Records —
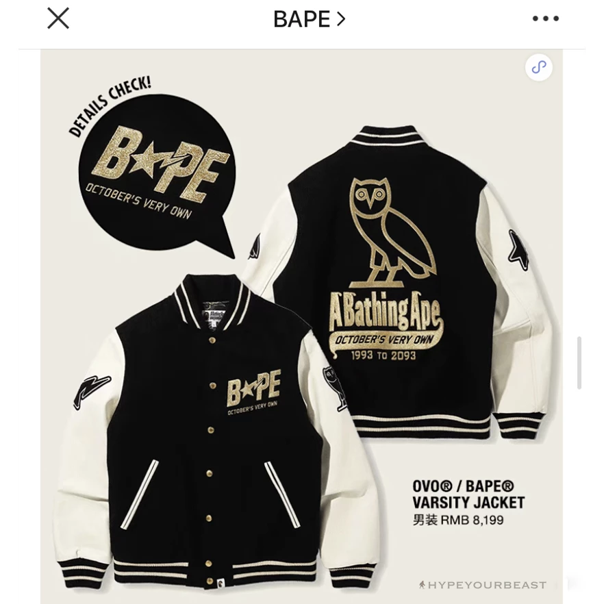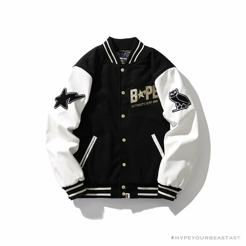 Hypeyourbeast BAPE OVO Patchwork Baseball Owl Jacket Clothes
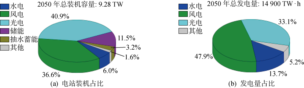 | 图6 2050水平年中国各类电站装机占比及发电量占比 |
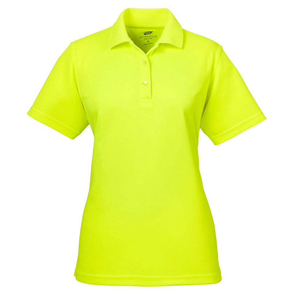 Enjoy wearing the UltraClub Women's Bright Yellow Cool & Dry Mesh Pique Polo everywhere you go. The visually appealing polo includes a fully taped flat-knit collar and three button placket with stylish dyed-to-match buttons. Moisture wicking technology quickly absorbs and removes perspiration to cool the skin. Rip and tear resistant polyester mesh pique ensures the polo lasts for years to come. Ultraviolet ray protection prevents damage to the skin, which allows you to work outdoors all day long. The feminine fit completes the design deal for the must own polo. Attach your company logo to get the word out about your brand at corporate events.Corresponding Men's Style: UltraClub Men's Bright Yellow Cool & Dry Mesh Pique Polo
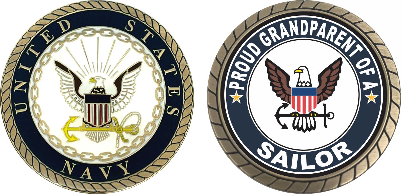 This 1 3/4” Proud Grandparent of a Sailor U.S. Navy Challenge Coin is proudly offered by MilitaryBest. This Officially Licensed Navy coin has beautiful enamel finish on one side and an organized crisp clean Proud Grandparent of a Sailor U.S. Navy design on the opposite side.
...
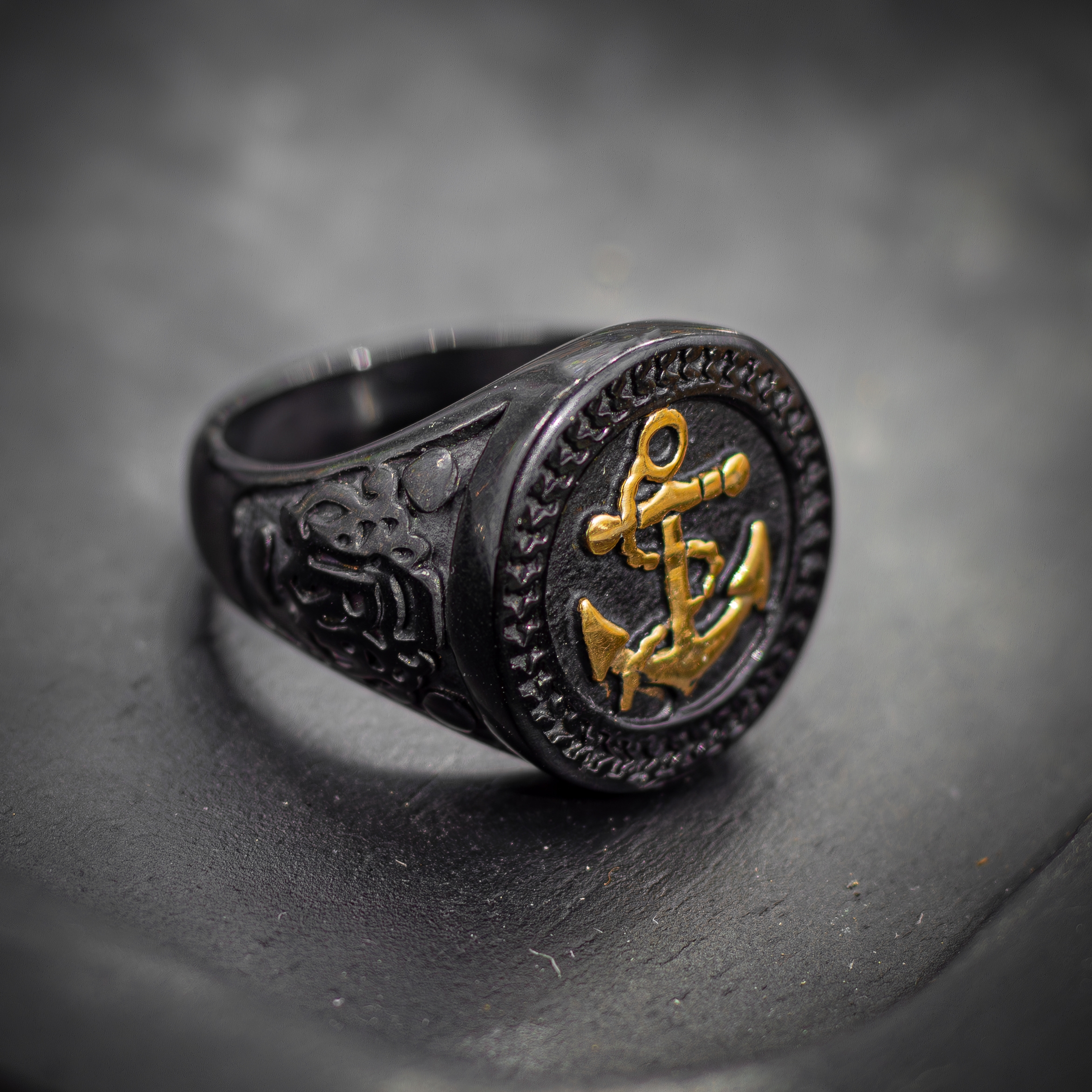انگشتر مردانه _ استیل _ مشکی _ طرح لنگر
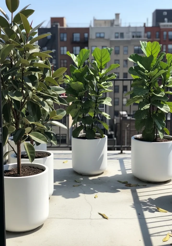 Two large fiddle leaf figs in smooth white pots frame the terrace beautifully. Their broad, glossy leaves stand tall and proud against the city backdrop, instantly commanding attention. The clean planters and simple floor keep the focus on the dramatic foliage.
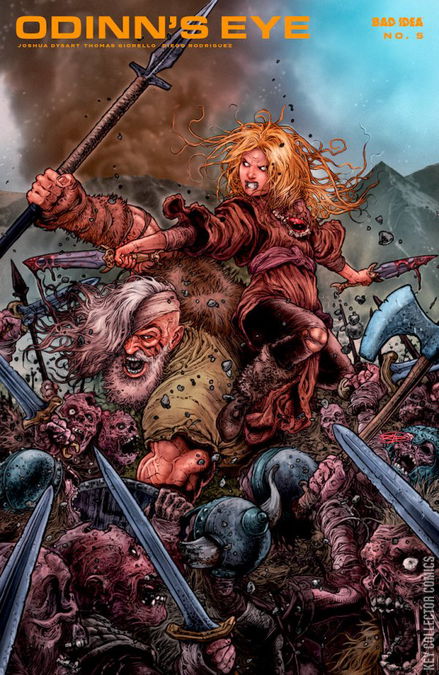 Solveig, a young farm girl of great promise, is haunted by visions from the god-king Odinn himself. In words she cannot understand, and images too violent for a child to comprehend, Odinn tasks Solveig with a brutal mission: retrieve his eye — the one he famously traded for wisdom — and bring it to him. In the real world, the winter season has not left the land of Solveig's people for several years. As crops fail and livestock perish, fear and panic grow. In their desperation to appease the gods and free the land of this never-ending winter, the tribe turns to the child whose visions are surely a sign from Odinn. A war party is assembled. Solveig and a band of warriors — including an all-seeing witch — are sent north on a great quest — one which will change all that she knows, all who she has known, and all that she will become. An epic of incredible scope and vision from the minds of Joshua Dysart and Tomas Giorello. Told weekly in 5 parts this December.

Required work — Drop the pictures; return the lines above from the line containing "Two large fiddle" to the line containing "Solveig, a young", both included, exactly.

Output for this task —
 Two large fiddle leaf figs in smooth white pots frame the terrace beautifully. Their broad, glossy leaves stand tall and proud against the city backdrop, instantly commanding attention. The clean planters and simple floor keep the focus on the dramatic foliage.
 Solveig, a young farm girl of great promise, is haunted by visions from the god-king Odinn himself. In words she cannot understand, and images too violent for a child to comprehend, Odinn tasks Solveig with a brutal mission: retrieve his eye — the one he famously traded for wisdom — and bring it to him. In the real world, the winter season has not left the land of Solveig's people for several years. As crops fail and livestock perish, fear and panic grow. In their desperation to appease the gods and free the land of this never-ending winter, the tribe turns to the child whose visions are surely a sign from Odinn. A war party is assembled. Solveig and a band of warriors — including an all-seeing witch — are sent north on a great quest — one which will change all that she knows, all who she has known, and all that she will become. An epic of incredible scope and vision from the minds of Joshua Dysart and Tomas Giorello. Told weekly in 5 parts this December.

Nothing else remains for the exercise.